ATTORNEY GENERAL BOTELHO answered, probably both. He referred to
the Solicitor's opinion dated September 23, 1999. Although the
Solicitor's opinion refers to an earlier amendment, it is directed
at "reasonable opportunity." He read the following portion of the
Solicitor's opinion:
The amendment also adopts the "reasonable opportunity"
approach to providing the subsistence priority which was
previously contained in amendments to ANILCA enacted by
Congress in 1997, but which expired in 1998 without ever
taking effect because the state legislature did not
approve a constitutional amendment as the Act containing
the amendments required. By focusing on criteria like
these, which are not in the federal law, the proposal
risks creating new conflicts with ANILCA.
ATTORNEY GENERAL BOTELHO noted that his first concern is that this
has been highlighted by the Solicitor as problematic.

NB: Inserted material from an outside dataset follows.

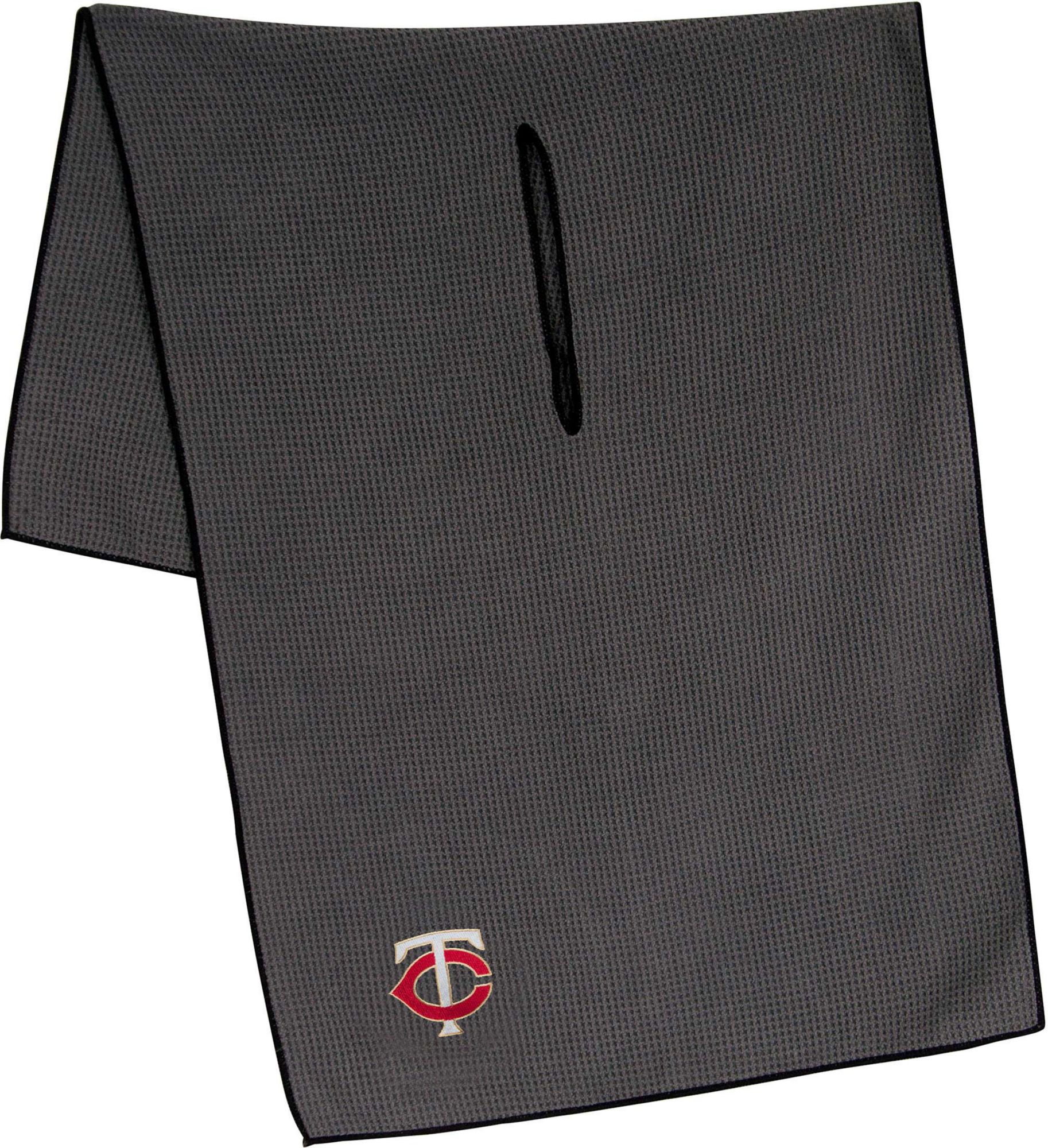 Maintain your clubs as easily as the Twins maintain a lead while using the Team Effort Minnesota Twins Microfiber Golf Towel. The microfiber waffle-weave construction enables fast and easy club cleaning without damaging the finish. An oversized construction allows you to keep part of the towel wet and part dry for easier cleaning, while a large center slit slides over your clubs for added protection. A boldly embroidered team trademark puts your Twins pride on full display.

Second, the
committee is now adding a requirement in which the Board of
Fisheries and the Board of Game are required to make determinations
between commercial, sport, and personal use. He pointed out that
"reasonable opportunity" has been directed exclusively at
subsistence and has never been applied in the context of
commercial, sport or personal use. He was also not clear as to
whether the intent "is to say if 'reasonable opportunity' isn't
available in one or more of these other categories, then the
preference kicks in at which point only 'reasonable opportunity' is
triggered." The concept to be achieved is not clear; and
furthermore, "reasonable opportunity" becomes a problem for the
Secretary of Interior. Attorney General Botelho suspected
"reasonable opportunity" may mean something different in line 11
than it might in lines 15-16.
REPRESENTATIVE GREEN recalled that Attorney General Botelho said
that "sound resource management" on line 15 is covered in other
parts and thus would not be necessary here. Early there was
testimony that perhaps, that language did not hurt and may be
helpful. Representative Green asked if there is any problem
leaving the language "sound resource management" in line 15, even
though it is covered in another part of the constitution.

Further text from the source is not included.